■ **YOUR INSTRUCTIONS**:
Through to the final line, write out the records below exactly, omitting any images they contain.
[Opening AVAILABLE DATA section]
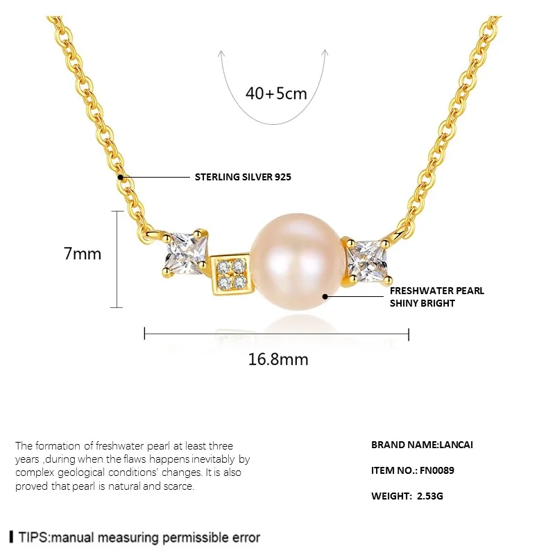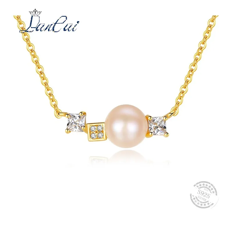 Fashion 925 Sterling Silver Necklace 7-7.5mm Geometric Natural Pearl Pendant Necklace for Women Fine Jewelry
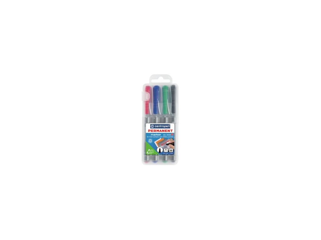 Sada 4 ks permanentných popisovačov s atramentom na alkoholovej báze a vláknovým hrotom. Popisovače vhodné na plastické hmoty, sklo, filmy a pod. Šírka stopy 1 mm.Farba: sada 4 ks
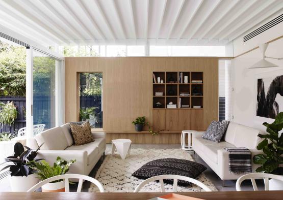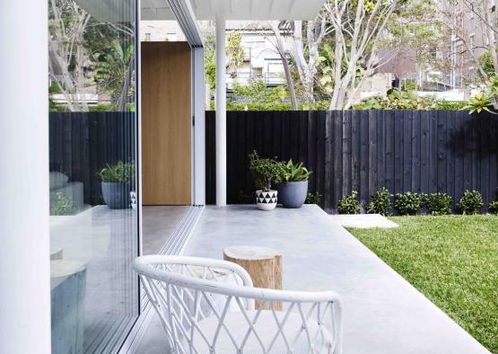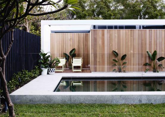 The new house offers a restored art deco era façade to the street. Works to the eastern facade included stripping off a later addition external stair and inserting salvaged stained glass windows in its place. The historic character of the building is retained and improved. There is a fresh water pool.
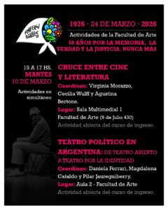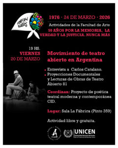 En paralelo, en el Aula 2, se desarrollará la actividad “Teatro político en Argentina: de Teatro Abierto a Teatro por la Identidad”, coordinada por Daniela Ferrari, Magdalena Cataldo y Pilar Jaureguiberry, que abordará distintas experiencias del teatro argentino vinculadas a la memoria y la defensa de los derechos humanos.
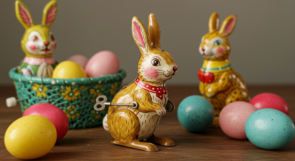 Classic tin toys, like colorful lithographed wind-up bunnies or egg-shaped noise makers, add an incredibly playful and nostalgic touch to your Easter decor.
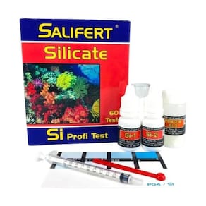 Com o teste de silicato salifert profi é possível determinar o teor de silicato na água do mar ou água doce com exatidão e facilidade. Silicato ocorre especialmente em água corrente ou em água purificada, quando a unidade de ro ou di não está funcionando corretamente. Silicato não só resulta em diatomáceas, mas pode também bloquear alguns oligoelementos essenciais, tais como vanádio e molibdênio. Para água doce, não usar água da torneira ou água de osmose com conteúdo silicato de mais de 2 mg/l.
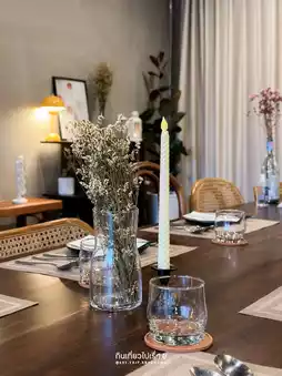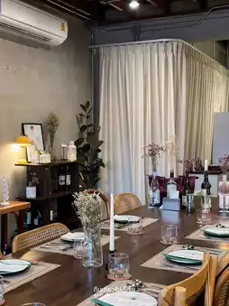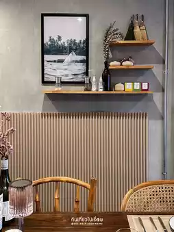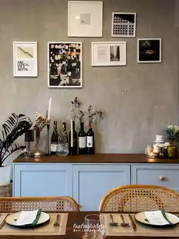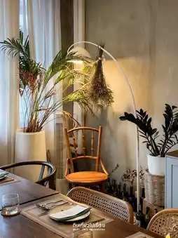 Climb the stairs to the third floor and open the curtains. The restaurant's decor is incredibly minimalist and soothing. Even though it's not very spacious, the furniture is well-arranged. And the decor is great, with picture frames, potted plants, chairs, and shelves, making it feel like home.
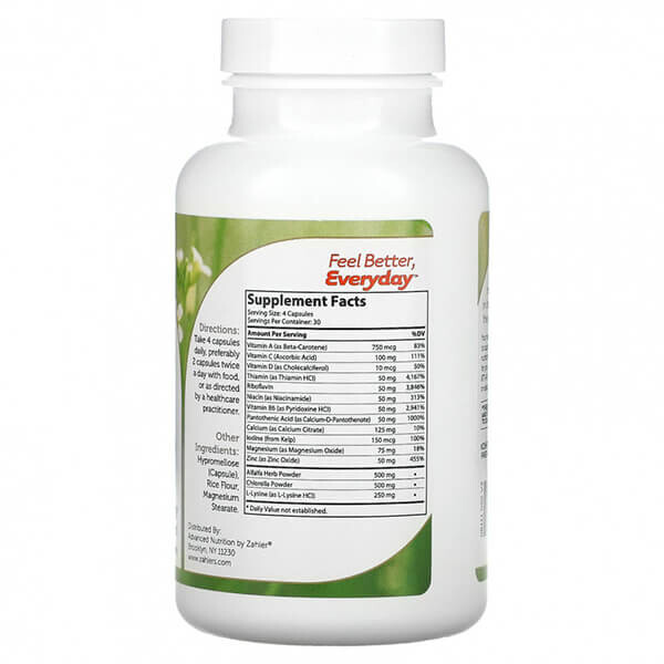 Витамин А (как бета-каротин), витамин С (аскорбиновая кислота), витамин D (как холекальциферол), тиамин (как тиамин гидрохлорид), рибофлавин, ниацин (как ниацинамид), витамин B6 (в виде пиридоксина гидрохлорида), пантотеновая кислота (как кальций-D-пантотенат), кальций (в виде цитрата кальция), йод (из водорослей), магний (в виде оксида магния), цинк (в виде оксида цинка), порошок травы люцерны, порошок хлореллы, L-лизин (как L-лизин гидрохлорид).
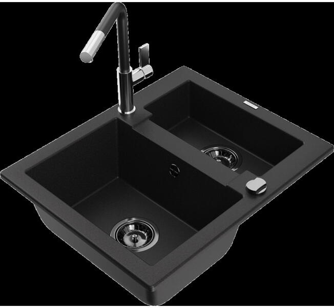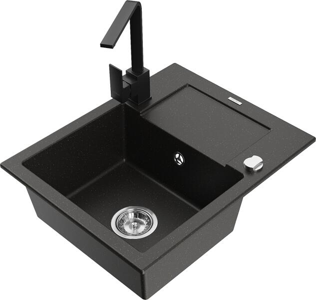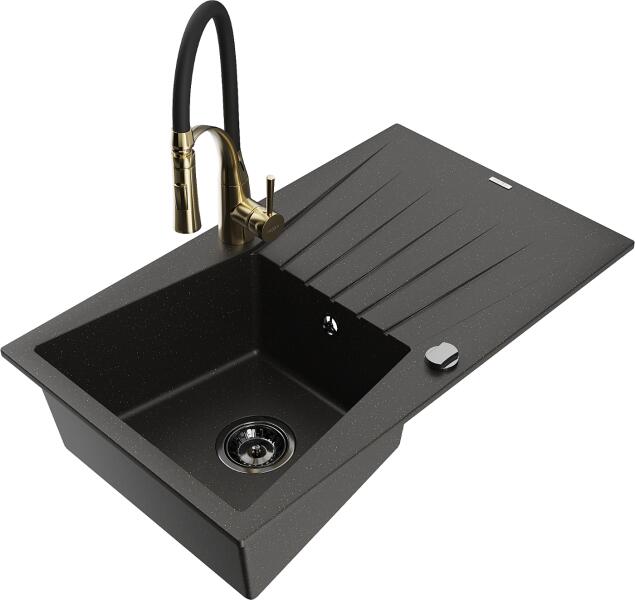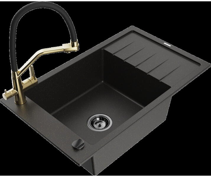 Mexen Enzo, gránit mosogató 576x465x174 mm, 1 kamrás és fekete Rita csaptelep, fekete-arany metál, 6506-75-670300-70 Gyártó: Mexen Sorozat: Enzo Modell: 1 kamrás, rövid csepegtetővel Hossza 576 mm Szélesség 465 mm Magasság: 174 mm Szín: fekete - arany metál Kamra mélysége: 164 mm Kamra mérete: 395x320 mm Szifon + automatikus leeresztő csavar Anyaga: gránit (80% gránit - kő, 2
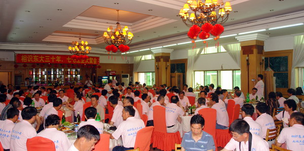 2008年7月26日,来自世界各地的东工七七级工企自动化专业的毕业生齐聚母校开展了“相识东大三十年,七七工企大聚会”活动。
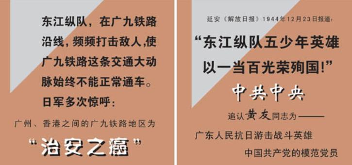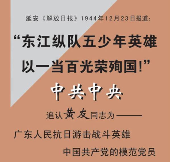 "东江纵队五少年英雄以一当百光荣殉国!"中共中央追认黄友同志为----- 广东人民抗日游击战斗英雄中国共产党的模范党员
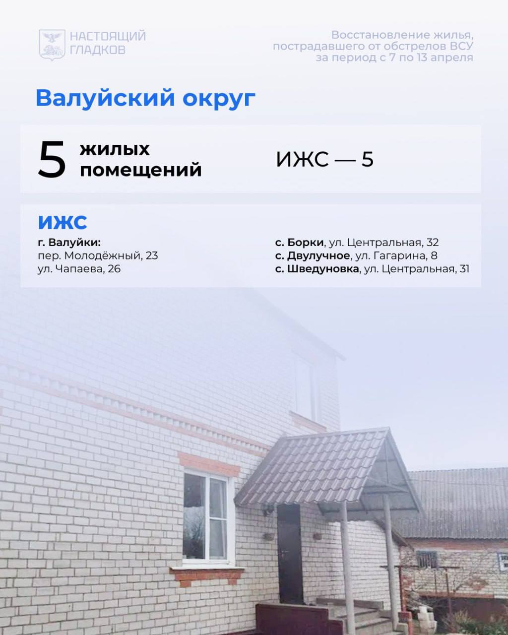Список адресов восстановленных домов опубликовал Вячеслав Гладков.
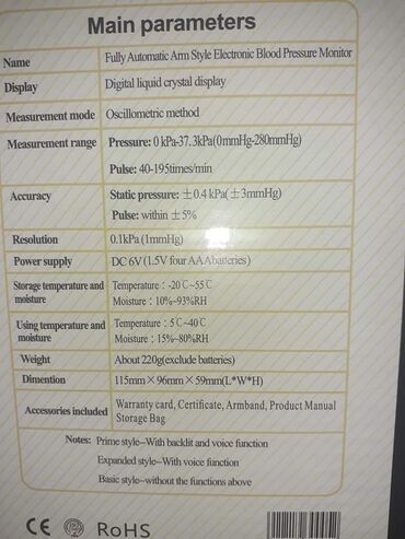 APARAT ZA MERENJE PRITISKA ZA NADLAKTICU .Karakteristike na slikama
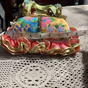 Mary Frances Floral Beaded Ruffled Small Handbag Pink Yellow
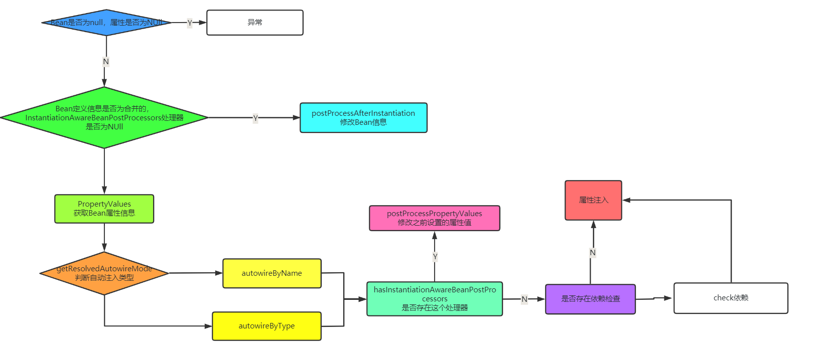 首先判断传入的Bean是否为null,如果为null则判断Bean定义信息中是否存在属性值,如果存在,异常;如果不存在跳过
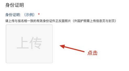 以上传“身份证明”为例,点击“示例”查看要求,再点“上传”按钮,进入上传图片界面,将个人已经准备好的图片文件上传。如下图:
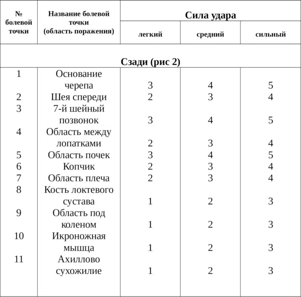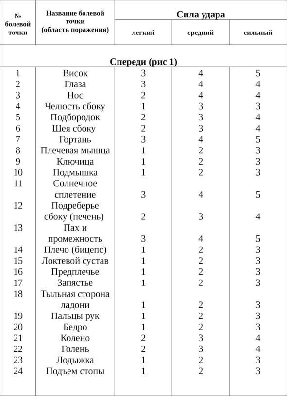 Удары рукой, ногой и различными предметами (палка, бутылка, металлический прут и др.) являются основным способом атаки злоумышленника и основным способом обороны и контратаки защищающегося. Любой удар будет эффективен лишь в том случае, когда он наносится внезапно и обязательно точно в болевую точку (уязвимое место). На рисунках 1 и 2 показано расположение этих точек на теле человека, а ниже описывается степень воздействия на эти точки ударов различной силы.
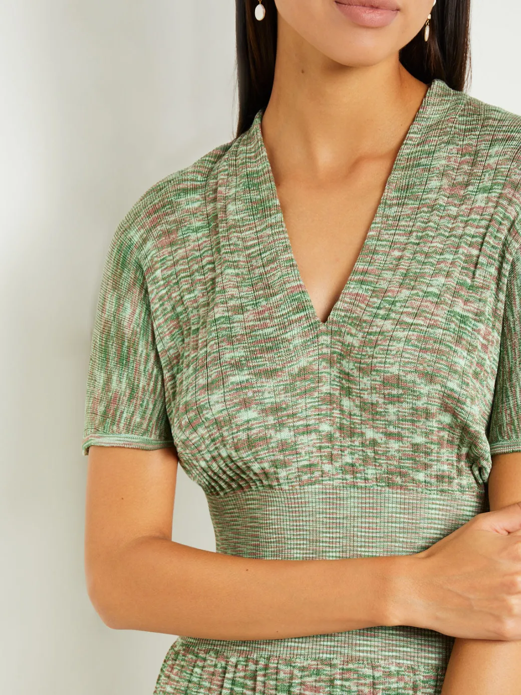 Mini Fit & Flare Dress – V-Neck Pleated Knit|Misook Hot
[Closing AVAILABLE DATA section]
■ **ANSWER BOX**:
 Fashion 925 Sterling Silver Necklace 7-7.5mm Geometric Natural Pearl Pendant Necklace for Women Fine Jewelry
 Sada 4 ks permanentných popisovačov s atramentom na alkoholovej báze a vláknovým hrotom. Popisovače vhodné na plastické hmoty, sklo, filmy a pod. Šírka stopy 1 mm.Farba: sada 4 ks
 The new house offers a restored art deco era façade to the street. Works to the eastern facade included stripping off a later addition external stair and inserting salvaged stained glass windows in its place. The historic character of the building is retained and improved. There is a fresh water pool.
 En paralelo, en el Aula 2, se desarrollará la actividad “Teatro político en Argentina: de Teatro Abierto a Teatro por la Identidad”, coordinada por Daniela Ferrari, Magdalena Cataldo y Pilar Jaureguiberry, que abordará distintas experiencias del teatro argentino vinculadas a la memoria y la defensa de los derechos humanos.
 Classic tin toys, like colorful lithographed wind-up bunnies or egg-shaped noise makers, add an incredibly playful and nostalgic touch to your Easter decor.
 Com o teste de silicato salifert profi é possível determinar o teor de silicato na água do mar ou água doce com exatidão e facilidade. Silicato ocorre especialmente em água corrente ou em água purificada, quando a unidade de ro ou di não está funcionando corretamente. Silicato não só resulta em diatomáceas, mas pode também bloquear alguns oligoelementos essenciais, tais como vanádio e molibdênio. Para água doce, não usar água da torneira ou água de osmose com conteúdo silicato de mais de 2 mg/l.
 Climb the stairs to the third floor and open the curtains. The restaurant's decor is incredibly minimalist and soothing. Even though it's not very spacious, the furniture is well-arranged. And the decor is great, with picture frames, potted plants, chairs, and shelves, making it feel like home.
 Витамин А (как бета-каротин), витамин С (аскорбиновая кислота), витамин D (как холекальциферол), тиамин (как тиамин гидрохлорид), рибофлавин, ниацин (как ниацинамид), витамин B6 (в виде пиридоксина гидрохлорида), пантотеновая кислота (как кальций-D-пантотенат), кальций (в виде цитрата кальция), йод (из водорослей), магний (в виде оксида магния), цинк (в виде оксида цинка), порошок травы люцерны, порошок хлореллы, L-лизин (как L-лизин гидрохлорид).
 Mexen Enzo, gránit mosogató 576x465x174 mm, 1 kamrás és fekete Rita csaptelep, fekete-arany metál, 6506-75-670300-70 Gyártó: Mexen Sorozat: Enzo Modell: 1 kamrás, rövid csepegtetővel Hossza 576 mm Szélesség 465 mm Magasság: 174 mm Szín: fekete - arany metál Kamra mélysége: 164 mm Kamra mérete: 395x320 mm Szifon + automatikus leeresztő csavar Anyaga: gránit (80% gránit - kő, 2
 2008年7月26日,来自世界各地的东工七七级工企自动化专业的毕业生齐聚母校开展了“相识东大三十年,七七工企大聚会”活动。
 "东江纵队五少年英雄以一当百光荣殉国!"中共中央追认黄友同志为----- 广东人民抗日游击战斗英雄中国共产党的模范党员
Список адресов восстановленных домов опубликовал Вячеслав Гладков.
 APARAT ZA MERENJE PRITISKA ZA NADLAKTICU .Karakteristike na slikama
 Mary Frances Floral Beaded Ruffled Small Handbag Pink Yellow
 首先判断传入的Bean是否为null,如果为null则判断Bean定义信息中是否存在属性值,如果存在,异常;如果不存在跳过
 以上传“身份证明”为例,点击“示例”查看要求,再点“上传”按钮,进入上传图片界面,将个人已经准备好的图片文件上传。如下图:
 Удары рукой, ногой и различными предметами (палка, бутылка, металлический прут и др.) являются основным способом атаки злоумышленника и основным способом обороны и контратаки защищающегося. Любой удар будет эффективен лишь в том случае, когда он наносится внезапно и обязательно точно в болевую точку (уязвимое место). На рисунках 1 и 2 показано расположение этих точек на теле человека, а ниже описывается степень воздействия на эти точки ударов различной силы.
 Mini Fit & Flare Dress – V-Neck Pleated Knit|Misook Hot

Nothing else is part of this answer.